The lines to be extracted begin at the line containing "Figure 1. Demonstration on seed sowing" and end at the last line of the data below; copy them exactly and leave out the pictures.

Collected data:
══════════

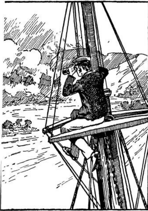
*MY HANDS WHICH HELD THE TELESCOPE WERE QUITE WET WITH EXCITEMENT.*—Page 164.

"About two hundred yards, sir; you'll see them directly."
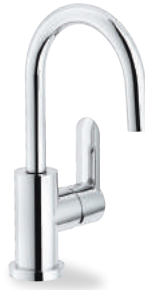
SA99338/2CR Single control mixer tap
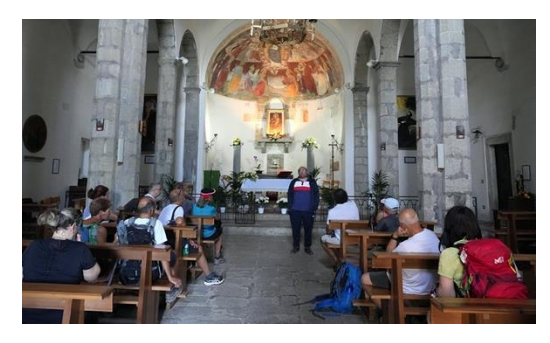
Experiencing churches spiritually, © Ernst Leitner
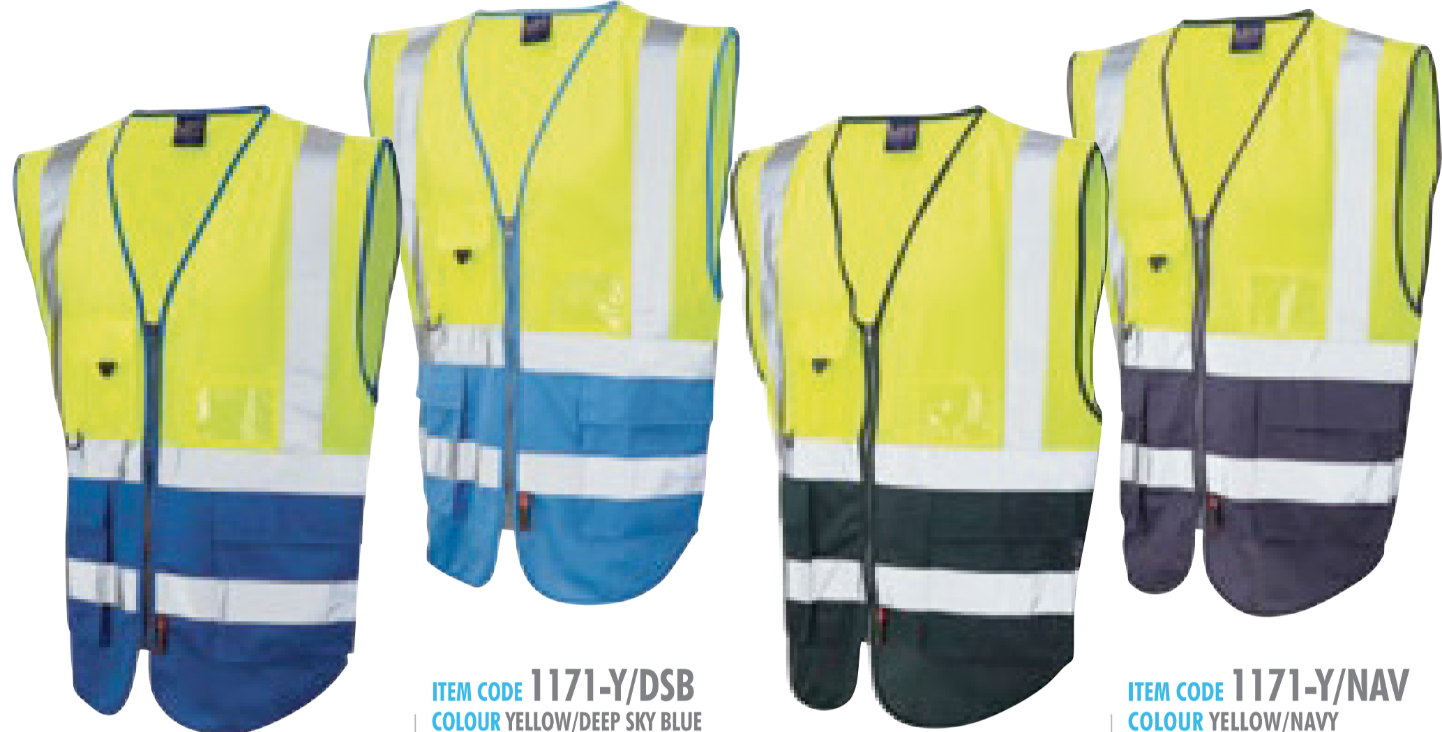
ITEM CODE 1171-Y/ROY COLOUR YELLOW/ROYAL EN471 CLASS 1
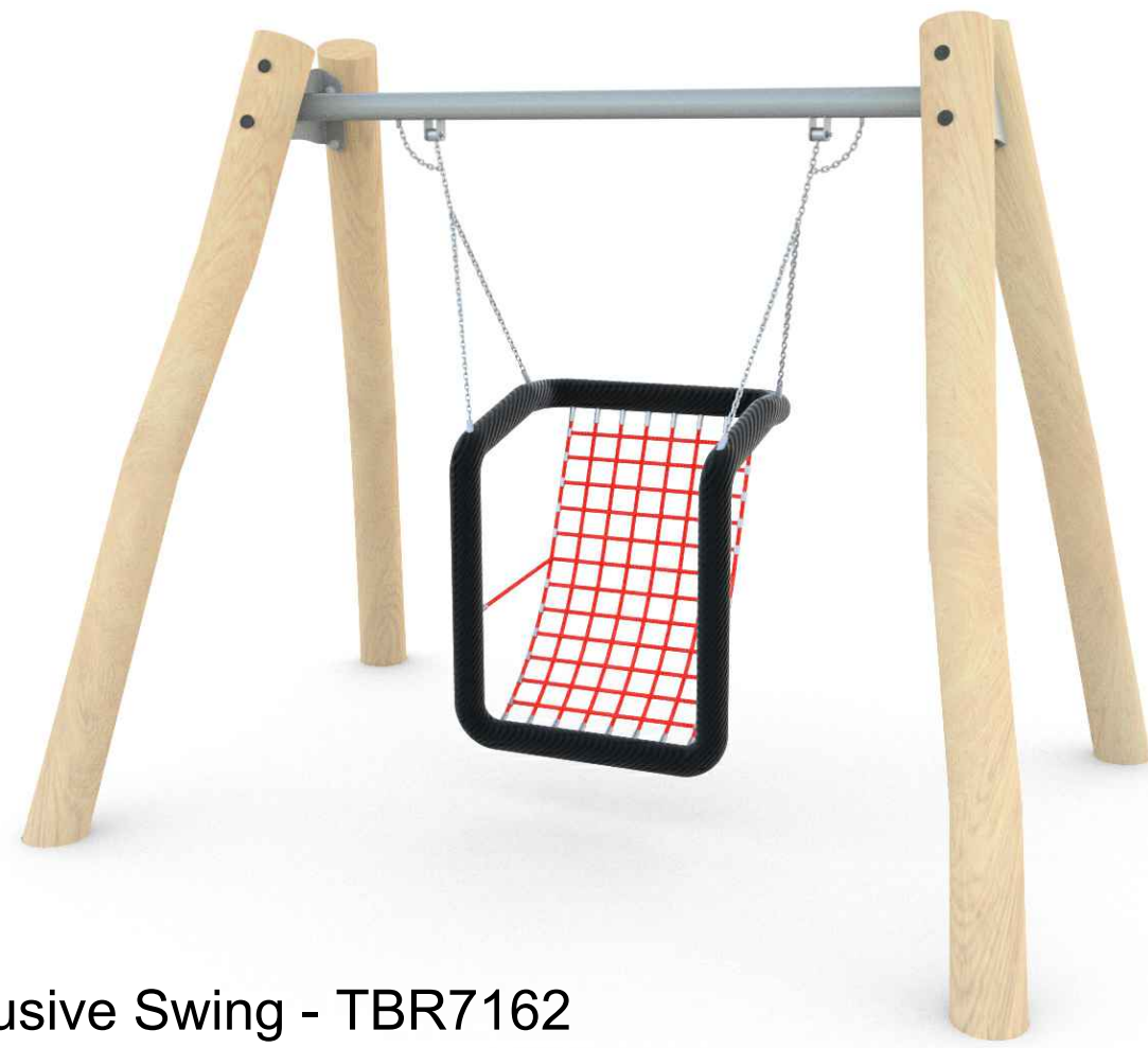
Inclusive Swing - TBR7162
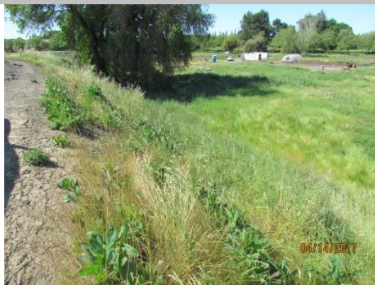
Tall grass on landside levee slope, blocking visibility. Spring 2017.

* Location LS : Land Side N/A : Not Applicable WS : Water Side CR : Crown
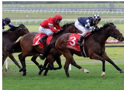
Awake In Grinzing (NZ) (Rip Van Winkle)

The stakes winner of nine races will be out to make the most of a chance at further black type when she runs in Saturday's Gr.3 Merial Ancare Metric Mile at Awapuni. Full story here.
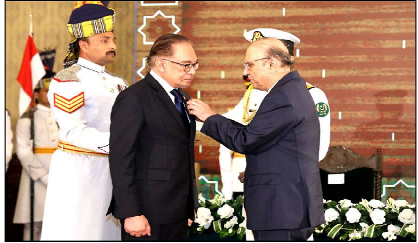
President Asif Ali Zardari conferring the award of Nishan-e-Pakistan upon the Prime Minister of Malaysia, Dato Seri Anwar Ibrahim, during a special investiture ceremony held at Aiwan-e-Sadr.

posed the option and said that the constitutional petitions had also been dealt with the reference. The matter of dealing with the constitutional petitions could not be sent to the President, he added. The chief justice said that if Article 63A was clear, then what was the need for its interpretation. Appeals of disqualified members also have to come to the Supreme Court, and if the court decision leads to disqualification, the appeal will be ineffective, he remarked. The Additional Attorney General said that the decision on Article 63A was full of contradictions. He said that on the one hand it said that vote was a fundamental right but at the same time this right was abolished on the direction of the party.
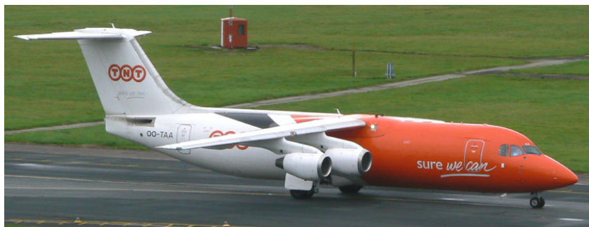
TNT BAe.146 OO-TAA arriving with horses for York Races on 20/8

GENERAL AVIATION:- Cessna 208 Caravan N208WD f/t Elstree(0942/1636). Robinson R.22B G-LIPE from a private site near Shobdon(1024) to Wellesbourne Mountford(1253). DA.42 Twin Star G-GFDA (Equity 03), ILS and overshoot(1547), f/t Blackpool. PC-12 G-PVPC from Gerona(2031), n/s to Bournemouth(1003).
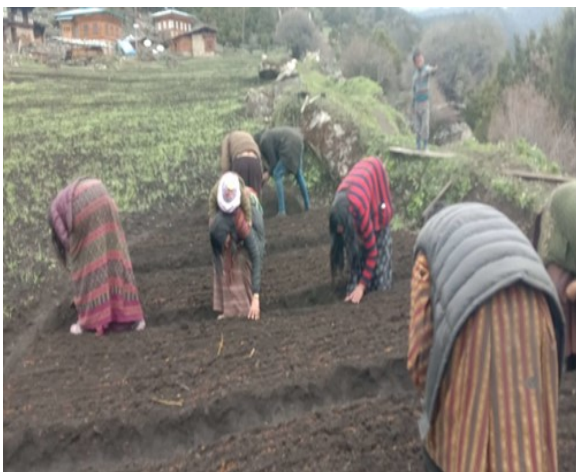
Figure 1. Demonstration on seed sowing

In collaboration with Agriculture Research Development Center, Bajo and Agriculture Sector of this Dzongkhag have conducted similar demonstration and trails on same crop at Lunana gewog.
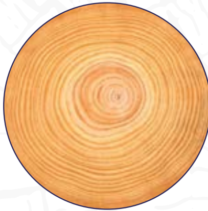
rings of wood

══════════

PROBLEM SOLUTION:
Figure 1. Demonstration on seed sowing

In collaboration with Agriculture Research Development Center, Bajo and Agriculture Sector of this Dzongkhag have conducted similar demonstration and trails on same crop at Lunana gewog.
rings of wood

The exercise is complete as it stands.